Memories are durable notes that Dexter saves about your factory, your preferences, and prior work so that future conversations have context. Over time this creates a structured record of the operational knowledge that traditionally lives only in your most experienced team members’ heads: process rules, naming conventions, data quirks, KPI targets, shift patterns, and decision logic.
How Memories Work
Dexter builds two layers of memory:
- Workspace memories — per-factory, writable by Dexter. These accumulate what Dexter learns about your specific operation: your process rules, terminology, corrections you’ve given, conversion factors, team roles, how your data exports are structured. Each memory is organized by type (user context, operational knowledge, directives, reference definitions) and carries a date stamp so Dexter can keep entries current.

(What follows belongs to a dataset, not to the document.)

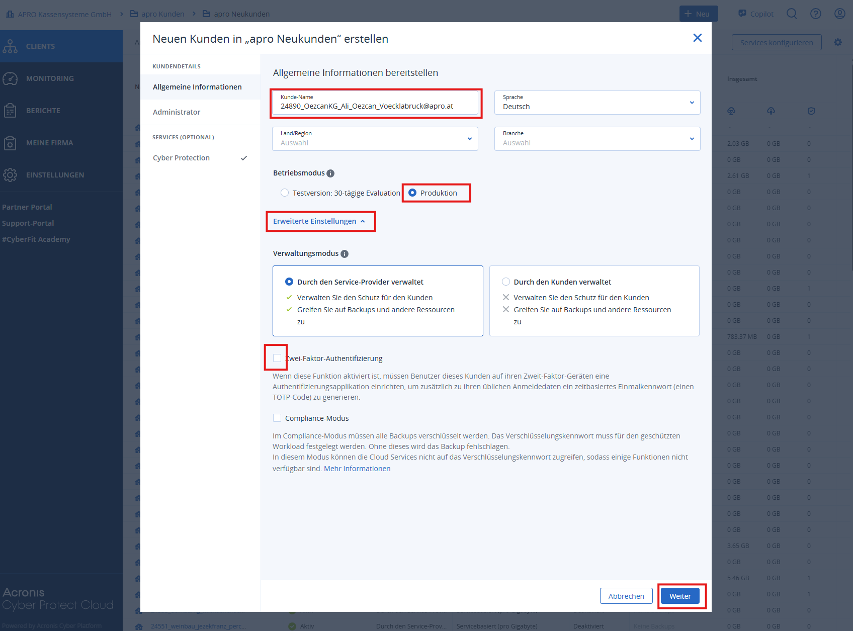 Danach Einstieg ins Acronis > Ordner "Apro Kunden" > "apro Neukunden":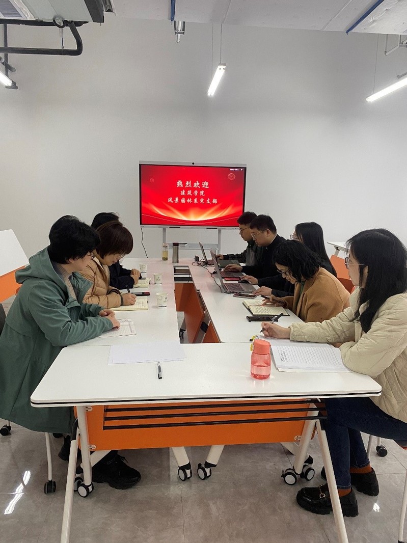 会上,陈轶嵩教授首先对风景园林支部的到访表示热烈欢迎,分别介绍了车辆工程系的发展历程、基本情况,结合全国高校黄大年式教师团队的申报与评选介绍了近年来本系教师队伍在教学、教改、科研等方面取得的进展与成果;支部书记袁望方老师就如何加强基层党组织建设,发挥党支部战斗堡垒作用进行了阐述,介绍了支部立足“七个有力”开展了规章制度建设、新媒体平台建设、党建室建设,以及乡村扶贫和多样化常态化的党建活动等内容;支委冯镇老师对支部党建活动的宣传与组织、省级样板支部的申报进行了讲解。风景园林系支部书记吴焱老师介绍了本支部的发展情况以及党建工作的进展。双方在党建活动及样板支部申报进行了热烈的讨论。

- Organization memories — read-only, shared across everyone in your organization. Curated by tenant administrators, these carry knowledge that applies organization-wide rather than to one factory.
What Gets Saved
Dexter writes memories automatically when you give it corrections, rules, or operational context — it doesn’t wait for you to say “remember this.” You can also tell Dexter explicitly to remember something: “Remember this for all future conversations: Code 7 means scrap.”
Dexter curates its memories actively — updating existing entries rather than creating duplicates, pruning outdated information, and resolving contradictions by asking you before overwriting.
Viewing and Managing Memories
- Open the Memories section in the left sidebar to see everything Dexter remembers about your factory.
- Ask Dexter what it knows: “What do you know about our weekend operations?”
- Ask Dexter to forget a specific entry: “Forget what you know about the old shift schedule.”
- Import memories — use the Import memories from .prdxm button to load a knowledge file (useful when setting up a new factory or sharing operational context between teams).
- Export memories — export your factory’s knowledge base as a
.prdxm file to share with teammates or transfer to another factory. See Export & Import: .prdx vs .prdxm for details.
Dexter reads its memory index at the start of every conversation to orient itself, so knowledge taught in one conversation carries forward into all future conversations.
You don’t have to explicitly say “remember this” — Dexter saves memories automatically when you provide corrections, rules, or operational context. But you can always be explicit if you want to make sure something sticks.